*Mira mengabaikan rasa sakit di hatinya, ia berusaha mengingat hari ini yang bersangkutan dengan ia dan Marcus. Dan tak lama ia ingat bahwa hari ini ia ada jadwal piting baju dengan Marcus.
"Iya pak*."
"Tunggu saya di parkiran." Mira hanya menganggukkan kepalanya dan berlalu dari sana.
Dalam hati, ia benar merutuki nasip sialnya di hari ini. Dan entah harus karna apa gadis yang ia puji puji kecantikannya menjadi benalu di hubungannya. Ia hanya berharap besar kalau Marcus tidak akan berpaling darinya, walau kenyataannya mereka lebih tepatnya Marcus belum mencintainya.
.............
"Kalian pulang ajah! "
"Ngak! Kita bakalan temenin lo buat nunggu Pak Memar di sini. "
Mira menatap satu persatu sahabatnya lalu tersenyum, "makasih." ucapnya tulus.
Para sahabatnya ikut tersenyum, lalu mereka tertawa bersama.
"Sya! " Syakila menoleh, menatap Nathan yang juga menatapnya dengan bersedekap.
"Ikut gue, bentar! " Nathan berkata dingin serta menatap Syakila datar.
Syakila menganggukkan kepalanya, tak mempermasalahkan sikap Nathan yang dingin padanya bahkan pria yang selalu hangat dan lembut padanya itu menggunakan kata 'gue'.
Syakila tahu kalau sekarang Nathan tengah kesal atau dengan mood yang tak bagus.
Lily menatap punggung Syakila dan Nathan dengan nanar, rasanya sekarang ia tengah menonton kehancuran hatinya sendiri. Hatinya begitu perih melihat sahabat nya sendiri bersama orang yang ia suk. Padahal sangat jelas jika Syakila tahu bahwa Lily menyukai Nathan. Lily mengedip edip kan matanya menghalau air mata nya yang akan jatuh, entah apa alasannya. Sakit karna melihat sahabat yang ia percayai m, dekat dan berhianat padanya atau sakit karna Nathan yang tak menganggap dirinya.
"Li! " Lily menoleh pada Hana.
"Lo ngak papa kan? " Hana memegang bahu gadis itu, lalu menatap Lily tepat dimata gadis itu.
Lily memaksa untuk tersenyum, "Lily ngak papa, Han. " tuturnya parau.
Hana mematap Lily, meyakinkan dirinya bahwa sahabat didepannya itu tidak apa apa. Setelah setengah yakin, Hana hanya menganggukkan kepalanya.
"Li, sini duduk. Ada yang mau kita omongin." Lily mengagguk lalu duduk di tengah, antara Mira dan Kiandra.

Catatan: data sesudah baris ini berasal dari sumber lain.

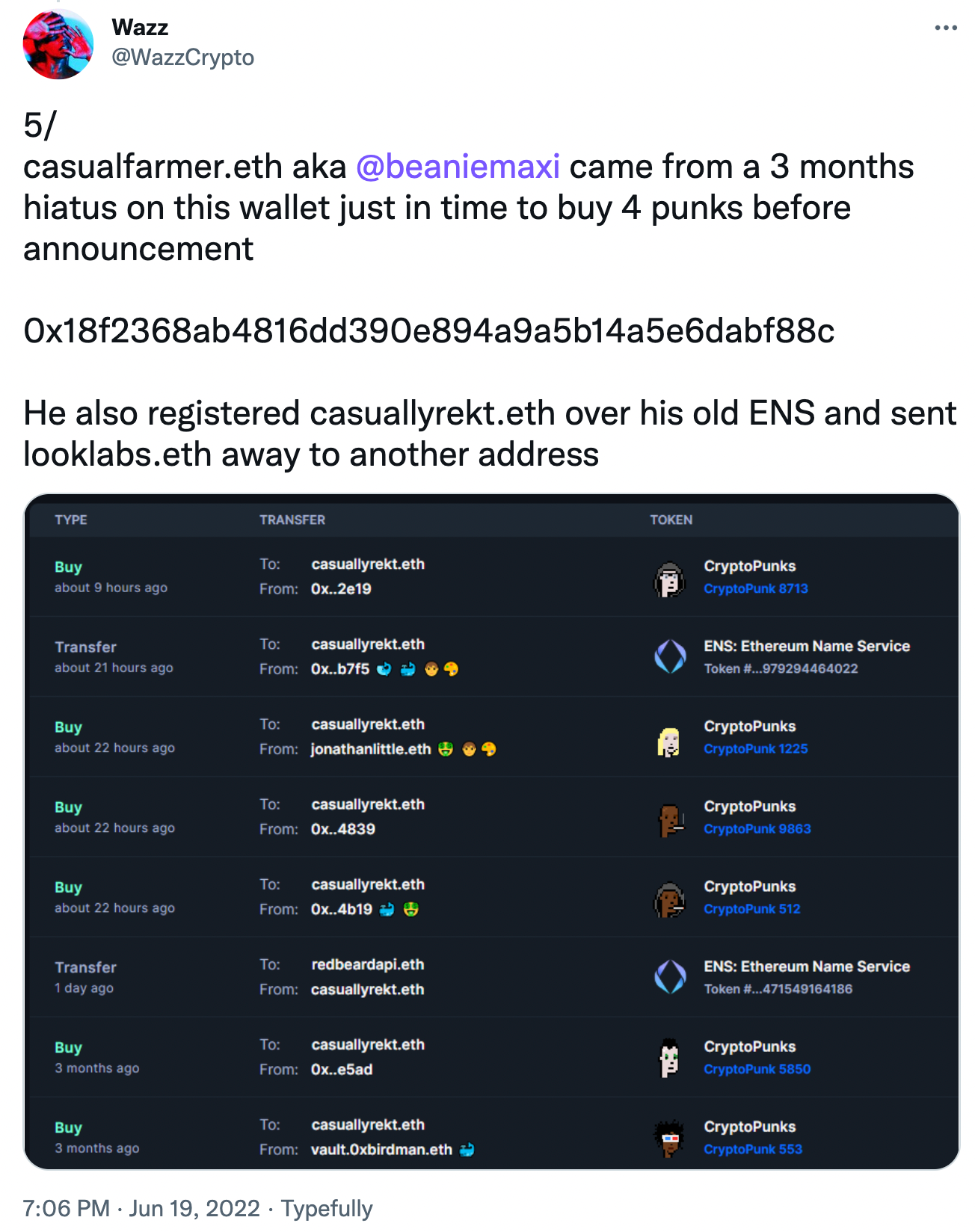 Regarding most recent events, Wazz made a comprehensive thread analysing the on-chain activities of the top Punk buyers in the last 48h, some of which are presumed insiders. These include a wallet address which was freshly funded with Ξ700 from Coinbase and bought 8 Punks hours before the announcement, whilst another belonged to Beanie whose wallet hadn’t been active for 3 months prior and who was supposedly on hiatus.

"Lily lo jujur ama kita, kalo lo itu suka sama kak Nathan." Lily menatap Kiandra terkejut.
"Jujur aja Ly. Kita udah lama perhatiin lo yang suka diam diam lirik kak Nathan. " tambah Hana membuat Lily semakin membeku.
Dalam hatinya, ia semakin sakit. Sakit karna ia yakin Syakila lah yang membocorkan soal perasaannya pada Nathan ke sahabatnya. Padahal Lily sudah mengatakan untuk tidak mengatakannya dulu, dan sekarang sahabatnya sudah tahu.
Lily benar benar malu, sangat. Malu karna dirinya yang menyukai Nathan namun tak terbalas, malu karna apa yang ia harap malah mengaharapkan orang lain. Malu karna tak bisa berjuang, dan itu semua benar benar menyakitkan bagi Lily.
Dengan pasrah Lily menganggukkan kepalanya pelan. "Gue sik gak papa, Li. Tapi gue harap lo jangan sampe salah paham sama Syakila karna dekat dengan Nathan." ucap Kiandra dengan lirih, entah mengapa ia sekarang merasa dejavu.
Lily menatap Kiandra nanar, bahkan para sahabatnya berpihak pada Syakila. Namun ia tetap mengaggukkan kepalanya.
.............................
"Apaan?" Syakila bersedekap, menatap Nathan dengan datar.
Nathan yang ditatap begitu mendengus, "gue ngak suka lo nyuruh gue buat jauhin lo, sya. "
"Itu harus!! " Ucap Syakila tegas.
"Abang gue nyuruh buat jaga dan awasin lo selama di lingkungan kampus.Kalo gue langgar bisa bisa gue di marahi bang Rafael. "
__ADS_1
"Bukan urusan gue! "
"Oh, begitu yah. " ucap Nathan dingin. Syakila menoleh padanya, menyadari kata katanya yang terlalu egois.
"Lo egois, Sya." Lirih Nathan," gue cuma mau ngejaga lo sebagai adik sekaligus orang sepesial bagi abang gue. Baru pertama kalinya abang gue percaya dan ngasih gue tugas dan baru kali ini gue mau buktiin kalu gue berguna bagi abang gue dengan berusaha ngejaga lo sebaik mungkin, tapi LO.." diakhir kalimat Nathan menaikkan oktaf suaranya tanpa sadar.
Syakila diam, tertenguh dengan perkataan Nathan. Syakila menundukkan kepalanya, bukan karna takut pada Nathan yang kesetanan tapi karna menyesali perbuatannya, menyesalai sikapnya yang egois. Yah, Syakila memang egois, sangat malahan.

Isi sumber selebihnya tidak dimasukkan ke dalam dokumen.